### Exercise data
- - - -
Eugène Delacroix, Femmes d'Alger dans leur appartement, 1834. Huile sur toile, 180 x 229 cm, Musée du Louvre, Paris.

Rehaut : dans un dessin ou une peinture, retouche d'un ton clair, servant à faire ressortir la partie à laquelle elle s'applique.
- - - -
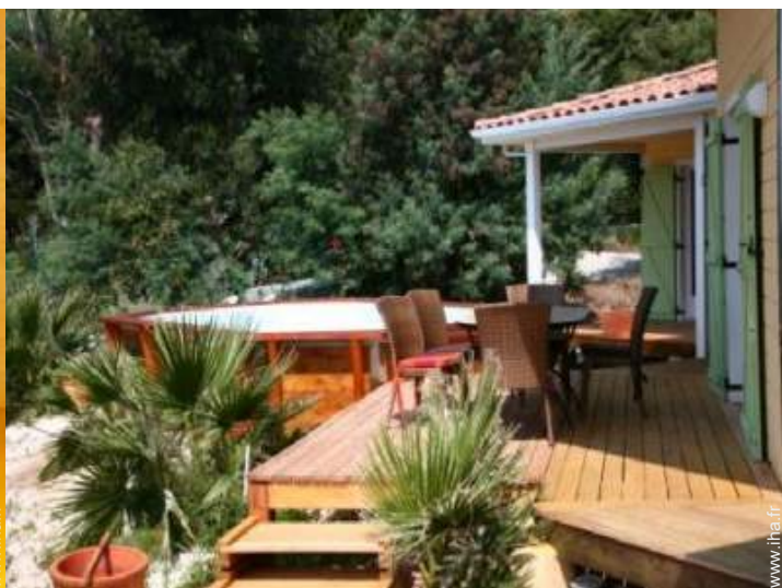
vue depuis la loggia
- - - -
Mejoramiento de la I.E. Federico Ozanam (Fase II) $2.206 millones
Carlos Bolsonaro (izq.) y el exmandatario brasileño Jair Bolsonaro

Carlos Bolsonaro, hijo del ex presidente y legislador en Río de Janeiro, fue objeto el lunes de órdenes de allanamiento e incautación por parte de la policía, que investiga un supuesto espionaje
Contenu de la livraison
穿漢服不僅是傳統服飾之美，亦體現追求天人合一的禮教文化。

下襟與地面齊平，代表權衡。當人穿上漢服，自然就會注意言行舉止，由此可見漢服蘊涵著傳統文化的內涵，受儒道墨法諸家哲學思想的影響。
- - - -
### Task description
Check each line in the data for the word "dans", then report only how many lines contain it.

### Final answer
2